Merhum şairimiz Erdem Bayazıt, yukarıda yer alan dizelerle anlatıyor kadının erkek için ne ifade ettiğini. Bir kadının kendisine bu denli güvenen, onu böyle özlemle anan bir eş için yapmayacağı şey yoktur. Kadın, sevilme ve değerli olma duygusunu tattıkça güçlenir. Erkek ise varlığına ihtiyaç duyulduğunu hissettiği zaman kendini güçlü ve mutlu hisseder.
“Kadın sadece çocuk doğurmaz, toplum doğurur” sözünü ilk duyduğumda hem çok gururlandım hem de omuzlarımıza yüklediği sorumluluğu düşününce ürktüm. Çünkü kadının toplumdaki yeri, önemi üzerine hem dünyada hem ülkemizde çok yaldızlı ifadeler kullanılsa da, uygulamada çoğu kez bu süslü cümlelerdeki büyük iddialardan çok uzakta olduğumuzu üzülerek görüyoruz.
Toplumların kadına bakışı, sahip oldukları değerlerden beslenmektedir. Her toplum, kendi değerleri doğrultusunda anlar ve anlamlandırır kadını. Her konuda olduğu gibi, kadın konusunda da bakış açımız, Kur’an-ı ve Kerim ve sünnetin bize çizdiği perspektif ekseninde olmalıdır. Rabbimizin “Şüphesiz sizi bir erkek ile bir dişiden yarattık, tanışasınız diye sizi kavim ve kabilelere ayırdık” (Hucurât, 13) ayetinde işaret ettiği üzere, farklılıklarımızı rahmete çevirerek güçlü bir iş birliği kurmaya öncelik verilmelidir. Gönül ister ki farklılıklarımızı koruyarak kendi karakterimizle hayat yolunda el ele yürümeyi başarabilelim.
Kadın ve erkeği bir araya getiren, evleri yuva yapan; çatışmadan uzak, uyumlu ve sağlıklı bir iletişimdir.

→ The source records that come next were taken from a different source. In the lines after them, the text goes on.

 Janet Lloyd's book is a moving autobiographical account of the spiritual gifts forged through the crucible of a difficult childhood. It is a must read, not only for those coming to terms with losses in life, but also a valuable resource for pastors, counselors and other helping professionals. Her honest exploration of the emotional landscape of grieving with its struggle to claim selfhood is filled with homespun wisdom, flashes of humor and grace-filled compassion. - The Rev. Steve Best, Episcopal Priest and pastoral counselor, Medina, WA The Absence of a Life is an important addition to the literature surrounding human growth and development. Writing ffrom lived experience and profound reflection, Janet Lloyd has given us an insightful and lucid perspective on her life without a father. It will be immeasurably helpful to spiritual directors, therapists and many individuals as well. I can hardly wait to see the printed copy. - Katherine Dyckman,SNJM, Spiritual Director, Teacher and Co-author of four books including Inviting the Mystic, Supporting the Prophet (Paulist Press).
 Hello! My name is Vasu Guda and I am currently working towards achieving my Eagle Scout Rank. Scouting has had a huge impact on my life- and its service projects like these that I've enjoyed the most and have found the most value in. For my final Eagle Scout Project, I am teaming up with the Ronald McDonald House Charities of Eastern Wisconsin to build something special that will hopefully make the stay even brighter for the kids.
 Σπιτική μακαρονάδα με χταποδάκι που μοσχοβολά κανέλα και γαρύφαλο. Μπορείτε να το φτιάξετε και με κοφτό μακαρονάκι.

Ancak böyle sıcak bir ortamda paylaşma ve dayanışma ortaya çıkar. Paylaşmak kişilere yalnız olmadıklarını hissettirir. Günümüzde insanlar, belki de en çok, yalnız olmadığından emin olmak istemektedir. Maalesef çoğu zaman yan yana olmak, can cana olmayı sağlamamaktadır. Can cana olmak bir arada olmanın sıcaklığını ve güvenini yaşamaktır.
Kadın, erkek ilişkisinde sıcaklıktan bahsedildiğinde; “en güzel örneğimiz” Peygamber Efendimiz (s.a.v) ve sevgili eşi Hz. Hatice annemiz aklıma gelir. Onların araasındaki muhabbet, hatırlandıkça Müslümanlara huzur ve mutluluk verecek bir derecededir.

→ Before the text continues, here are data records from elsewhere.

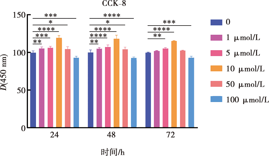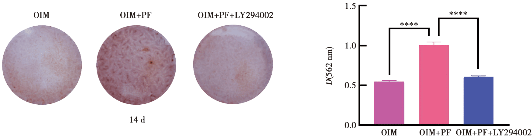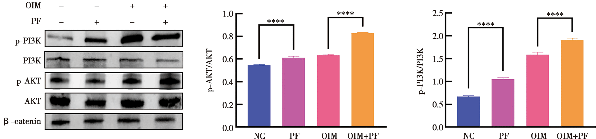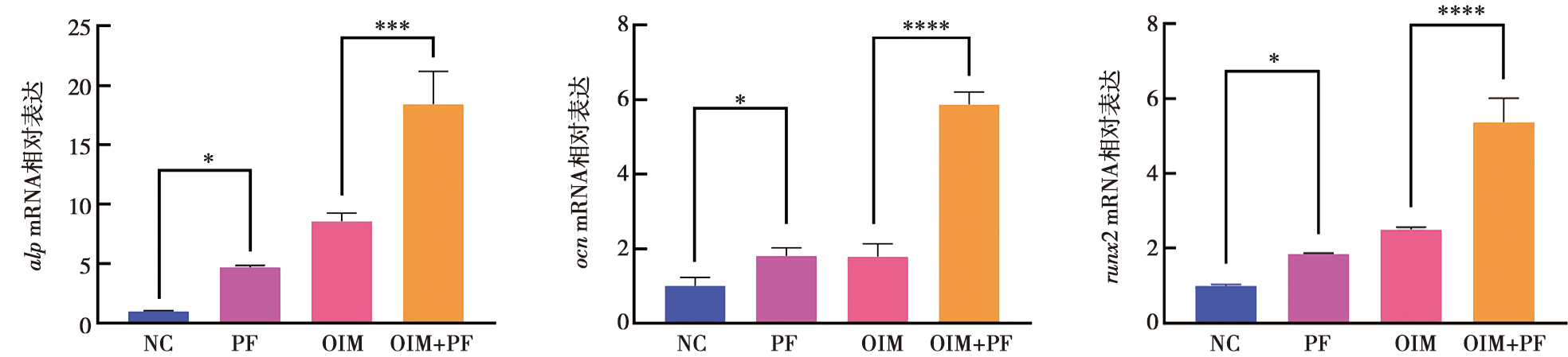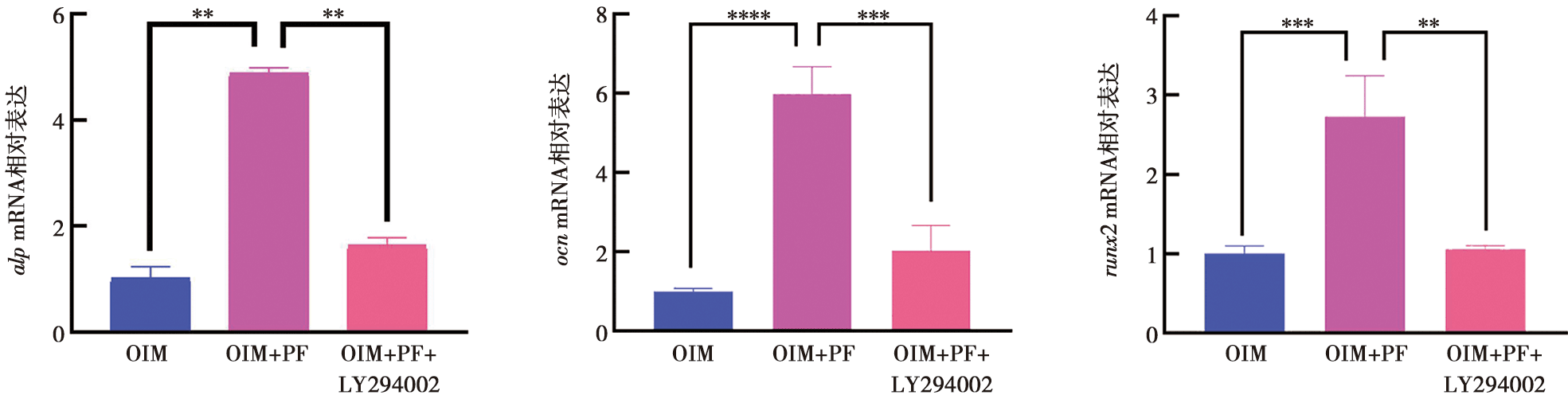 目的 探究芍药苷(paeoniflorin,PF)对人颌骨骨髓间充质干细胞(human jaw bone marrow mesenchymal stem cells,hJBMMSCs)增殖及成骨分化的影响及相关机制。方法 采用组织块法分离培养hJBMMSCs,根据实验要求进行相关条件培养,采用CCK-8法检测不同浓度(1、5、10、50、100 μmol/L)PF对hJBMMSCs增殖能力的影响;通过碱性磷酸酶(ALP)检测分析、茜素红S染色、RT-qPCR和Western blot探讨PF对hJBMMSCs成骨分化及PI3K/AKT信号通路相关蛋白表达水平的影响。结果 10 μmol/L PF显著促进hJBMMSCs增殖,而100 μmol/L PF有明显细胞毒性;其中,10 μmol/L浓度条件下hJBMMSCs各成骨相关mRNA和蛋白表达水平均明显上升,并上调p-PI3K表达水平,而PI3K抑制剂干预后,hJBMMSCs的成骨能力显著下降。结论 10 μmol/L PF可能通过调节PI3K/AKT信号通路以促进hJBMMSCs的成骨分化。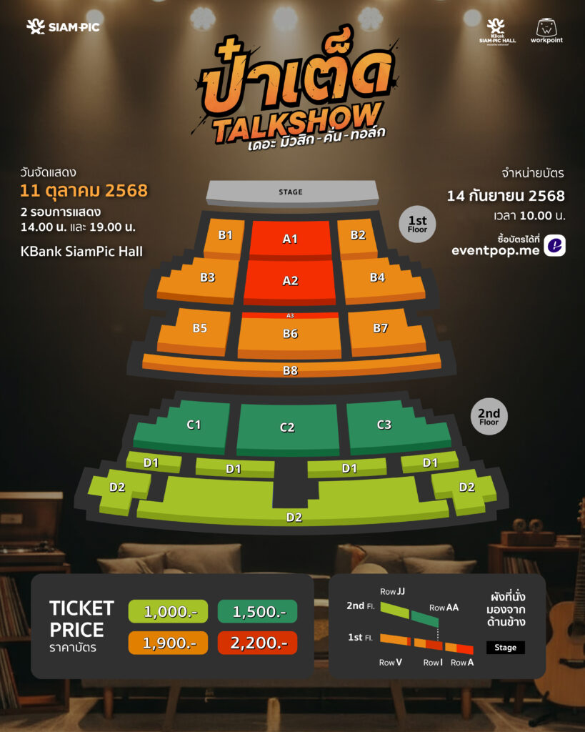 “ป๋าเต็ดทอล์กโชว์ เดอะ มิวสิก-คั่น-ทอล์ก” จัดเพียง 2 รอบเท่านั้น วันเสาร์ที่ 11 ตุลาคม 2568 เวลา 14.00 น. และ 19.00 น. ที่ KBank SiamPic Hall ชั้น 7 สยามสแควร์วัน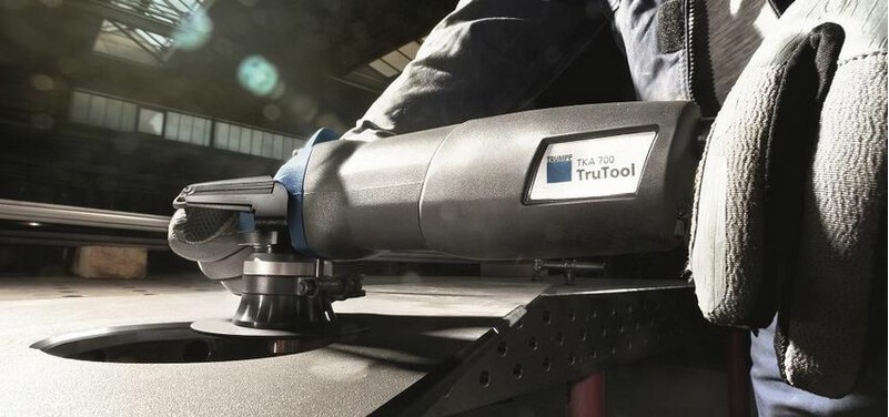 La TruTool TKA 700 è provvista di un potente azionamento a 1700 W che assicura una potenza straordinaria con momenti torcenti alti e una guida stabile e sicura della macchina. Questo utensile vi permette di creare spigoli a vista puliti, tagliare spigoli vivi, creare smussi raggiati di 2, 3 o 4 mm o preparare un giunto di saldatura, Tutto ciò con minimo dispendio di forza, in modo rapido e con diverse angolazioni da 0° a 60°. La regolazione della lunghezza dello smusso si effettua senza utensili e in modo continuo, con estrema precisione e rapidità. Potete quindi produrre smussi di lunghezza fino a 5 mm in acciaio da costruzione, con semplicità e in una sola fase di lavoro. Per uno smusso lungo 7 mm serve una seconda fase operativa. L'impugnatura disposta alla perfezione riduce le vibrazioni, assicura l'ergonomia e una guida stabile della macchina.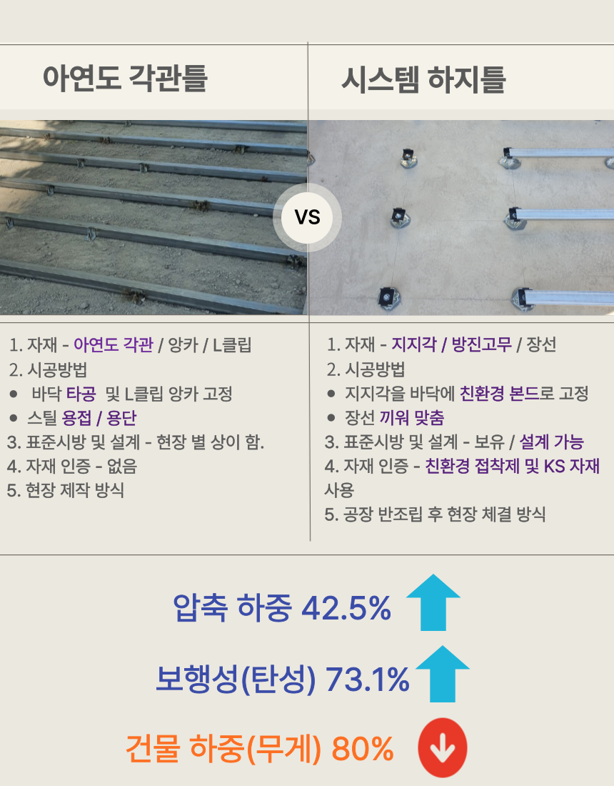 ![]() | 방수 시공 바닥 타공을 하지 않아 누수가 없으며, 건물 보호가 가능합니다. |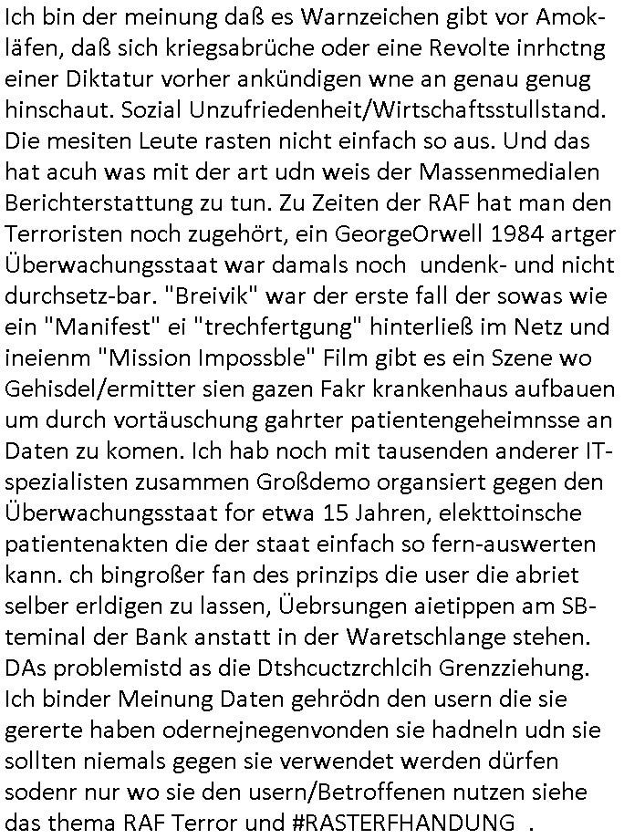 Ich bin der meinung daß es Warnzeichen gibt vor Amok- läfen, daß sich kriegsabrüche oder eine Revolte inrhctng einer Diktatur vorher ankündigen wne an genau genug hinschaut. Sozial Unzufriedenheit/Wirtschaftsstullstand. Die mesiten Leute rasten nicht einfach so aus. Und das hat acuh was mit der art udn weis der Massenmedialen Berichterstattung zu tun. Zu Zeiten der RAF hat man den Terroristen noch zugehört, ein GeorgeOrwell 1984 artger Überwachungsstaat war damals noch undenk- und nicht durchsetz-bar. "Breivik" war der erste fall der sowas wie ein "Manifest" ei "trechfertgung" hinterließ im Netz und ineienm "Mission Impossble" Film gibt es ein Szene wo Gehisdel/ermitter sien gazen Fakr krankenhaus aufbauen um durch vortäuschung gahrter patientengeheimnsse an Daten zu komen. Ich hab noch mit tausenden anderer IT- spezialisten zusammen Großdemo organsiert gegen den Überwachungsstaat for etwa 15 Jahren, elekttoinsche patientenakten die der staat einfach so fern-auswerten kann. ch bingroßer fan des prinzips die user die abriet selber erldigen zu lassen, Üebrsungen aietippen am SB-teminal der Bank anstatt in der Waretschlange stehen. DAs problemistd as die Dtshcuctzrchlcih Grenzziehung. Ich binder Meinung Daten gehrödn den usern die sie gererte haben odernejnegenvonden sie hadneln udn sie sollten niemals gegen sie verwendet werden dürfen sodenr nur wo sie den usern/Betroffenen nutzen siehe das thema RAF Terror und #RASTERFHANDUNG .

Peygamber Efendimiz (s.a.v) Hira mağarasında vahiyle ilk kez karşılaştığında, o şaşkınlık ve korku hâlinde iken arkadaşlarına, dostlarına değil; evine, Hz. Hatice ile paylaştığı yuvasına koşmuştur. İlk kez onunla dertleşmiş, ondan yardım istemiştir. Hz. Hatice kendisinden isteneni yapmış, Peygamber Efendimiz’in (s.a.v) kendisine gelmesini beklemiş, desteği ve güveniyle her zaman olduğu gibi O’nun yanında olmuştur. Daha Peygamber Efendimiz (s.a.v) kendi durumundan emin değilken, Hz. Hatice annemiz O’na inanan, vefakâr bir eş olarak “Muhakkak ki Allah seni şeytanın aldatmalarına uğratmayacaktır.” diyerek paylaşmanın ve güvenin en güzel örneğini sunmuştur.

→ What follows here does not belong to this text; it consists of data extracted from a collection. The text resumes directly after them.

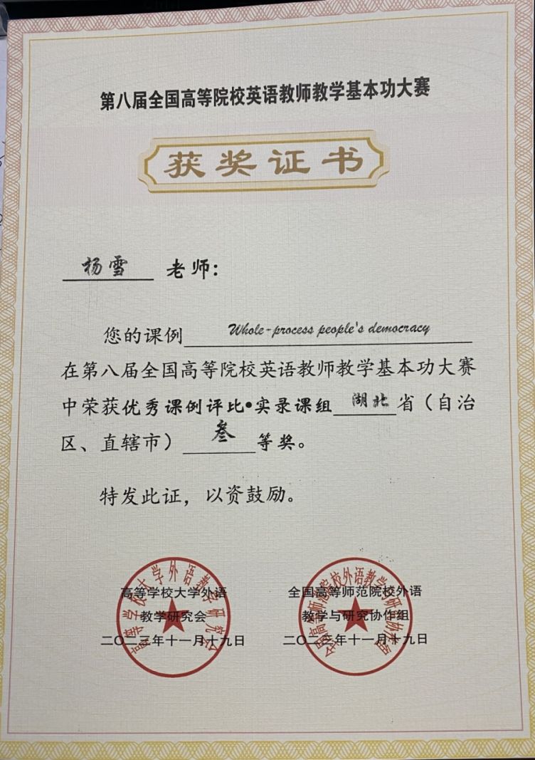 获得实录课组湖北省三等奖的是杨雪老师的作品Whole-process People’s Democracy,杨雪老师是《理解当代中国阅读与写作》课程的主讲教师之一,该作品也是nba博彩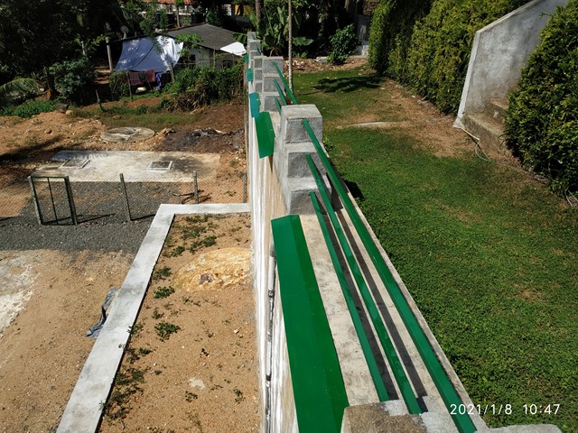 Erste Vorbereitungen fuer das Gelaender auf der neuen Mauer.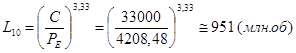 5) Базовая долговечность предварительно выбранного подшипника в миллионах оборотов: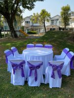 รายละเอียด เช่าโต๊ะ-โต๊ะจีน1.5ม.+เก้าอี้พลาสติกคลุมผ้าสีขาว+โบว์สีม่วง :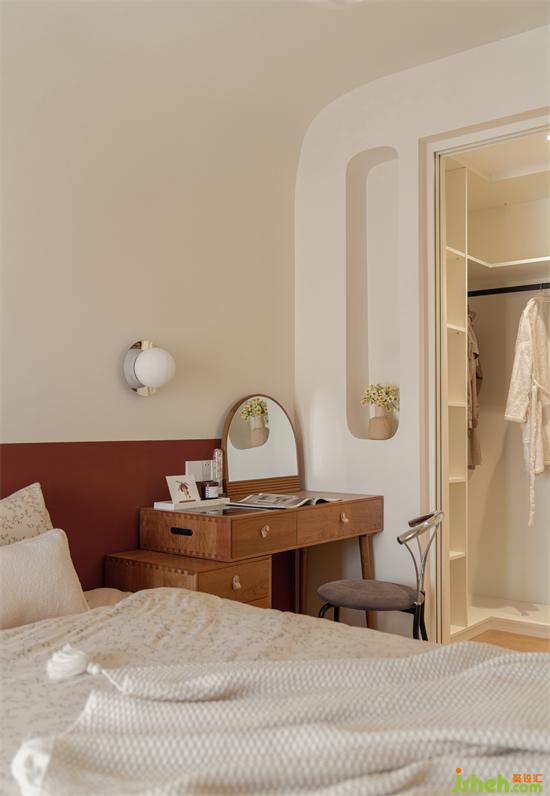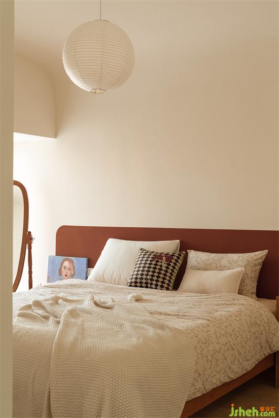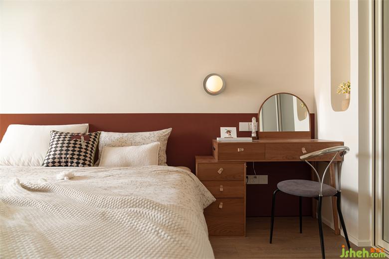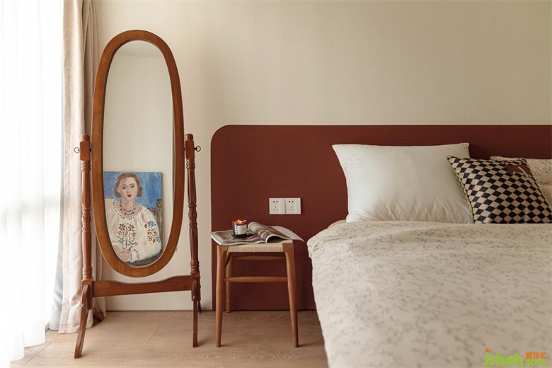 臥室空間沒有累贅的床頭背景,以半墻的紅棕分色作裝飾,家裝設(shè)計(jì)點(diǎn)綴復(fù)古奶油空間。

Günümüzde kadın ve erkek ilişkilerinde, ailelerimizde bunca sorun yaşanırken, Peygamber Efendimiz’in (s.a.v) örnekliğine ne kadar çok ihtiyacımız var. Özellikle O’nun sünnetine sıkı sıkıya uymayı öneren kadın ve erkekler olarak; önce kendimiz bu samimi adımı atmalıyız. İlk adımı karşıdan beklemek yerine, biz attığımızda Efendimiz’in (s.a.v) sünnetinin yaşatılmasına da katkı vermiş olacağız. Üstelik hadis-i şerifte de önerildiği üzere mükâfatını da alacağız:
“İslâm’da iyi bir çığır açan kimseye, bunun sevabı vardır. O çığırda yürüyenlerin sevabından da kendisine verilir. Fakat onların sevabından hiçbir şey noksanlaşmaz.”
Kadını ve erkeği ile her gün yeni ve güzel şeyler yapmak bizim ilk önce Rabbimize karşı sorumluluğumuzdur.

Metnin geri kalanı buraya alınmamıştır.